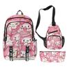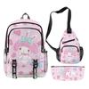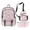 3D Novo Perímetro Impresso Sanrio Merleti Mochila Escolar Mochila Bolsa de Lápis Conjunto de Três Peças
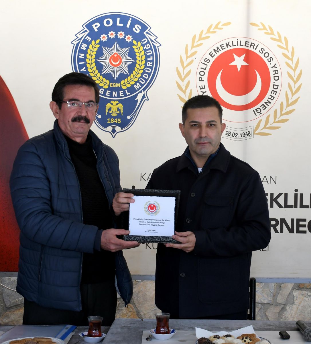 Başkan Ömer Günel, Kamu Yararına Çalışan Türkiye Polis Emeklileri Sosyal Yardım Derneği Kuşadası Şubesi Başkanı Zahir İlgin ve dernek yöneticileriyle bir araya geldi. Belediye Başkan yardımcısı Özgür Batçıoğlu’nun da katıldığı ziyarette, Başkan Ömer Günel dernek üyelerine bugüne kadar Kuşadası’nda gerçekleştirdikleri alt ve üstyapı yatırımları, süt ve beslenme desteği, öğrencilere sağlanan eğitim yardımı ve Adalı Kart uygulaması hakkında bilgi verdi. Bir sonraki dönemde yaşama geçireceği vizyon projelerle ilgili üyelerle fikir alış verişinde de bulunan başkan Ömer Günel, daha sonra gelen soruları yanıtladı. Toplantının sonundaysa dernek başkanı Zahir İlgin tarafından Başkan Ömer Günel’e teşekkür plaketi takdim edildi.
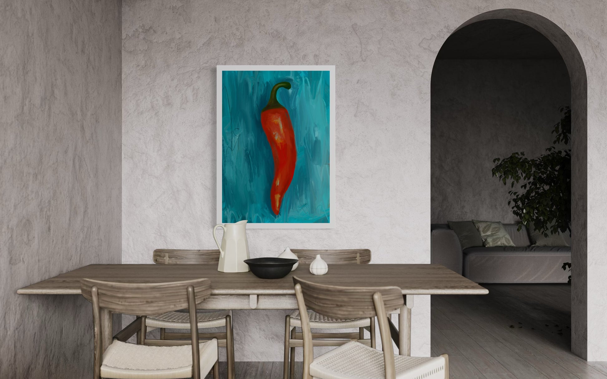 A fiery red chilli set against a cool, textured aqua background—where spice meets calm, and warm and cool tones balance beautifully.
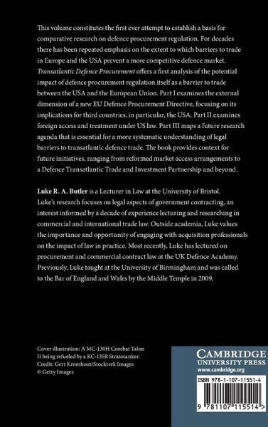 This volume constitutes the first ever attempt to establish a basis for comparative research on defence procurement regulation. For decades there has been repeated emphasis on the extent to which barriers to trade in Europe and the US prevent a more competitive defence market. Transatlantic Defence Procurement offers the first analysis of the potential impact of defence procurement regulation itself as a barrier to trade between the US and the EU. Part I examines the external dimension of a new EU Defence Procurement Directive, focusing on its implications for third countries, in particular the US. Part II examines foreign access and treatment under US law. Part III maps a future research agenda that is essential for a more systematic understanding of legal barriers to transatlantic defence trade. The book provides context for future initiatives, ranging from reformed market access arrangements to a Defence Transatlantic Trade and Investment Partnership and beyond.
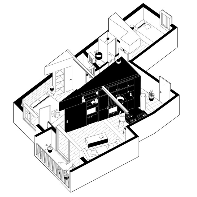 La domesticidad se reduce a pura infraestructura. Los diferentes programas cotidianos, derivados de las necesidades de la propietaria, quedan embebidos en una pieza de mobiliario triangular que asume el rol infraestructural del proyecto.
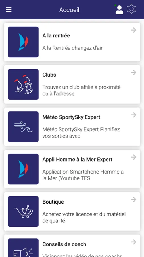 Dans votre espace de dialogue personnel avec la Fédération Française de Voile, vous trouverez, toute l’actualité de la Fédération, Ligue et Club (Tourisme, Sport-Santé, Loisir, Compétitions) ainsi que de nombreuses rubriques utiles pour savoir où et comment naviguer ou participer à des manifestations nautiques. Vous y trouverez aussi vos résultats et pourrez y construire et suivre votre saison sportive … et bien d’autres fonctionnalités … météo …
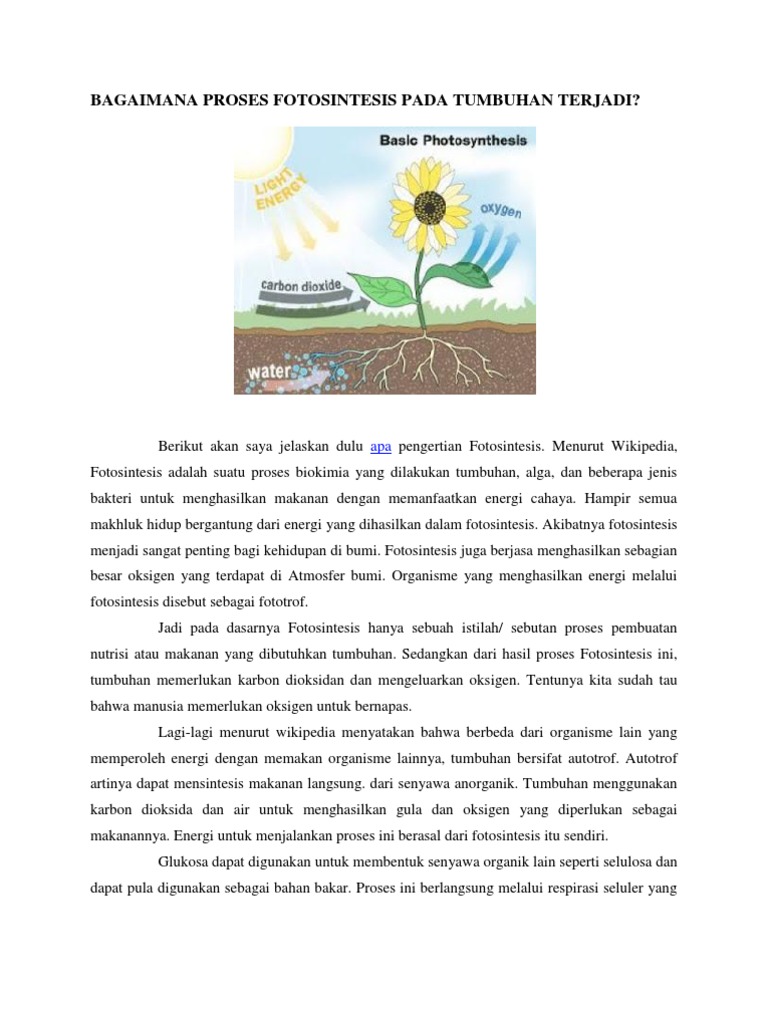 TEMA 2 | Winda Ratna Sari from sains.me Fotosintesis adalah proses pembuatan energi atau zat makanan/glukosa yang berlangsung atas peran cahaya matahari (photo = cahaya, synthesis = proses pembuatan/pengolahan). Bagaimana proses terjadinya fotosintesis pada tumbuhan? Fotosintesis adalah suatu proses biokimia pembentukan zat makanan/energi yaitu glukosa. Setelah sebelumnya kita mempelajari dan membahas tentang sejarah ditemukannya fotosintesis pada postingan sebelumnya. Terjadinya proses fotosintesis yang mengubah energi cahaya menjadi energi kimia dan nantinya akan menghasilkan o2 sebagai produk sudah jelas bahwa cahaya merupakan bahan utama dalam proses. Fotosintesis adalah proses pembuatan makanan yang dilakukan tumbuhan berdaun hijau yaitu klorofil. Fotosintesis artinya proses penyusunan senyawa yang sederhana menjadi senyawa yang kompleks, pada bagian tumbuhan yang mengandung klorofil, dan dengan bantuan cahaya matahari. Fotosintesis adalah proses pemanfaatan energi cahaya sebagai energi kimia dalam molekul organik 2.
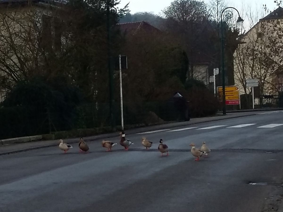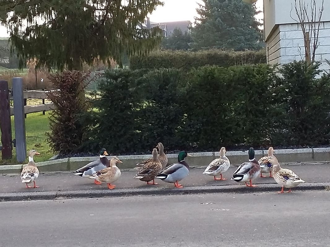 Seit Monaten erfreut eine grosse Entenfamilie die Einwohner, Durchfahrende aber vor allem auch die Kinder des Dorfes. Die Familie hält sich am Sauerbach auf, wo sie täglich zum Kindergarten spazieren, und dies immer über die Durchfahrtsstrasse, wo sie regelmässig für ein Schmunzeln auf den Gesichtern der Autofahrer und aller Familien sorgen. Heute morgen nun, machen sie einen längeren Dorfspaziergang über den Hierberwee, einfach köstlich, schade nur, dass sie den Fussgängerstreifen verpasst haben... dennoch benutzen sie das Trottoir.
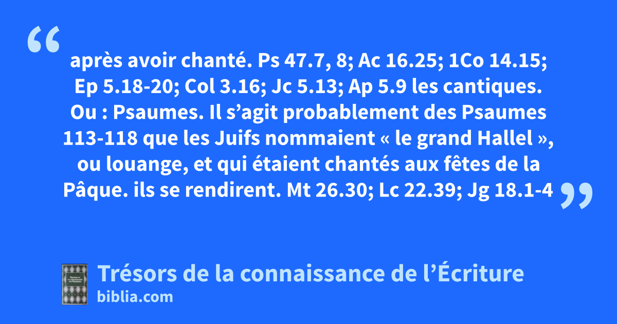 après avoir chanté. Ps 47.7, 8; Ac 16.25; 1Co 14.15; Ep 5.18-20; Col 3.16; Jc 5.13; Ap 5.9 les cantiques. Ou : Psaumes. Il s’agit probablement des Psaumes 113-118 que les Juifs nommaient « le grand Hallel », ou louange, et qui étaient chantés aux fêtes de la Pâque. ils se rendirent. Mt 26.30; Lc 22.39; Jg 18.1-4

▬▬▬▬▬▬

* [What you need to do]:
Print from the line containing "Dans votre espace" through the line containing "TEMA 2 | Winda" in the data above, exactly as the lines stand, and omit every picture.

* [Output of the task]:
 Dans votre espace de dialogue personnel avec la Fédération Française de Voile, vous trouverez, toute l’actualité de la Fédération, Ligue et Club (Tourisme, Sport-Santé, Loisir, Compétitions) ainsi que de nombreuses rubriques utiles pour savoir où et comment naviguer ou participer à des manifestations nautiques. Vous y trouverez aussi vos résultats et pourrez y construire et suivre votre saison sportive … et bien d’autres fonctionnalités … météo …
 TEMA 2 | Winda Ratna Sari from sains.me Fotosintesis adalah proses pembuatan energi atau zat makanan/glukosa yang berlangsung atas peran cahaya matahari (photo = cahaya, synthesis = proses pembuatan/pengolahan). Bagaimana proses terjadinya fotosintesis pada tumbuhan? Fotosintesis adalah suatu proses biokimia pembentukan zat makanan/energi yaitu glukosa. Setelah sebelumnya kita mempelajari dan membahas tentang sejarah ditemukannya fotosintesis pada postingan sebelumnya. Terjadinya proses fotosintesis yang mengubah energi cahaya menjadi energi kimia dan nantinya akan menghasilkan o2 sebagai produk sudah jelas bahwa cahaya merupakan bahan utama dalam proses. Fotosintesis adalah proses pembuatan makanan yang dilakukan tumbuhan berdaun hijau yaitu klorofil. Fotosintesis artinya proses penyusunan senyawa yang sederhana menjadi senyawa yang kompleks, pada bagian tumbuhan yang mengandung klorofil, dan dengan bantuan cahaya matahari. Fotosintesis adalah proses pemanfaatan energi cahaya sebagai energi kimia dalam molekul organik 2.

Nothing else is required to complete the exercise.